I've sqooped a fairly large table into a CDH4.5 cluster. To save space and still have splittable files I've used LZO compression and setup LZO as per the cloudera instructions .
Sqoop makes a single large LZO file(+index) for the initial import and adds smaller LZO+index files for the subsequent incremental sqoop imports.
My problem is that Pig doesn't seem to split the LZO files for its import, while Hive does so perfectly. Running a simple pig script gives me exactly 7 mappers, which is identical to the lzo files in the HDFS dir. 6 complete quickly(the incremental files) but 1 takes a very long time. Can't verify but that has to be the one large file(90+ Gigs)
At the same time Hive can do a query on the exact same table and get 700+ mappers no problem. So the LZO is splittable, but Pig seems not split them.

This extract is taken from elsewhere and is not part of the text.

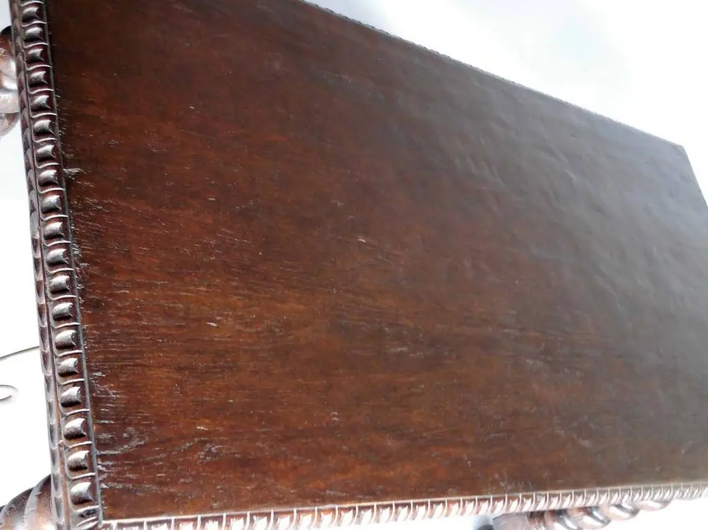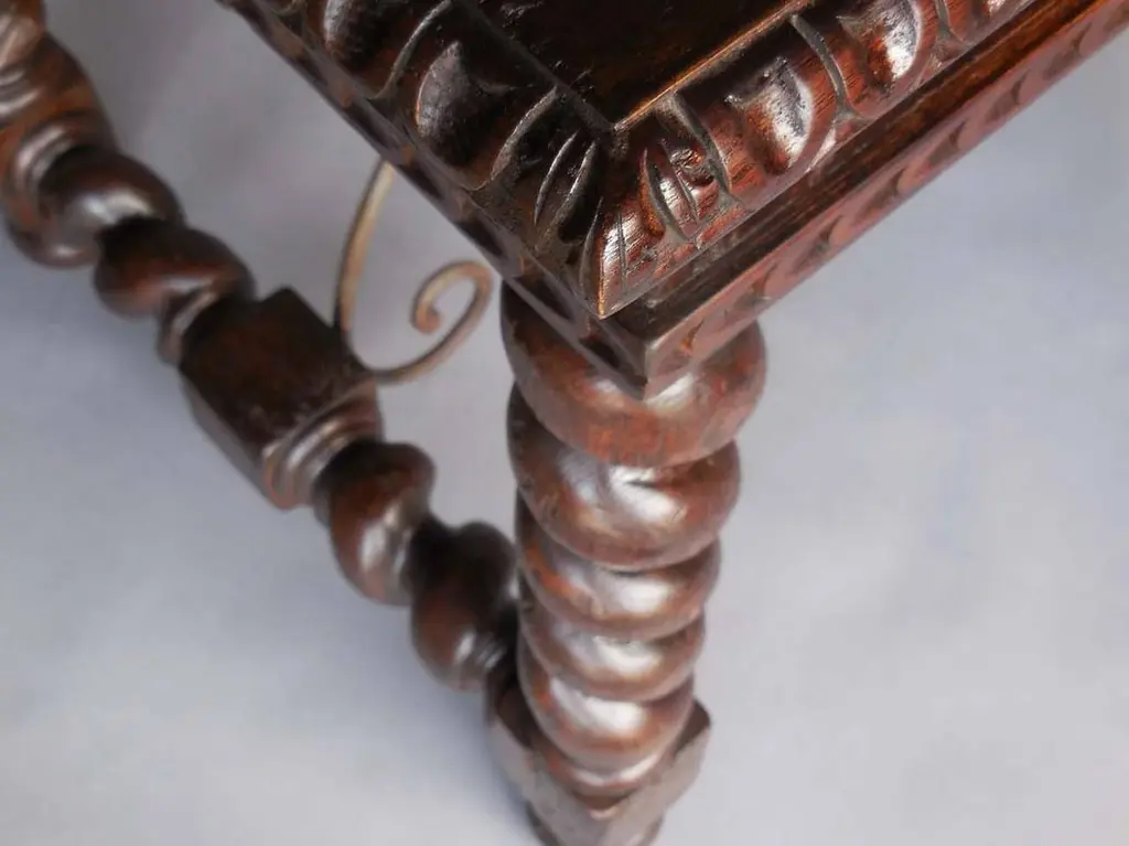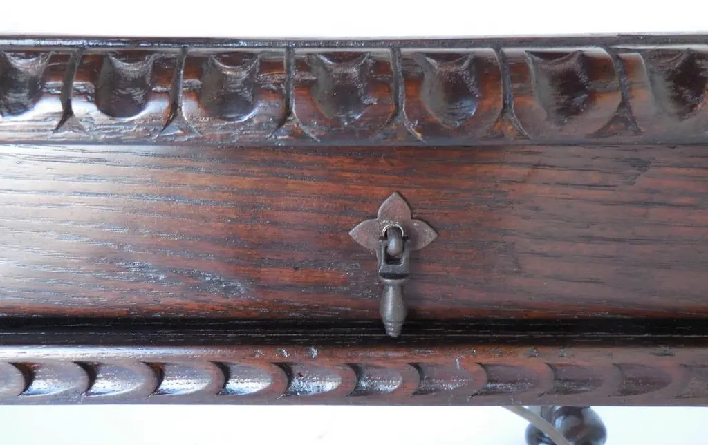 Our Custom Salamanca two-drawer oak writing desk with iron supports. Hand-carved details throughout. Iron pulls. Beautiful patina. Can be made in any size, and finish. Can also be making in walnut and mahogany. Bench made in Los Angeles by Dos Gallos Studio. Lead time 8 to 12 weeks.CUSTOM PRICES ARE SUBJECT TO CHANGE. PLEASE INQUIRE BEFORE PLACING AN ORDER. CUSTOM ORDERS ARE NON RETURNABLE. FINAL SALE

LZO in the Pig script seems to be enabled since I'm getting these messages:
INFO com.hadoop.compression.lzo.GPLNativeCodeLoader - loaded native gpl library
INFO com.hadoop.compression.lzo.lzoCodec - Successfully loaded & initialized native-lzo library [hadoop-lzo rev null]
Seems like Pig can read the LZO files, but does not read the index files with those filed to determine split points.
Is there another way to sqoop data into a compressed container format(any) and have Hive and Pig understand its splits?
- Sqooping with snappy will not result in splittable files
- Sqooping to hive and using --as-avrofile + snappy is not compatible
Asside from the EB libs, the only way I see is not using compression, is this correct?
Thnx for the hint, to be complete:
Sqooped data to Hive uses '\u0001' as a field delimiter. LzoTextLoader does not support adding a custom delimiter, use LzoTokenizedLoader for that. Works like a charm after that :smileywink: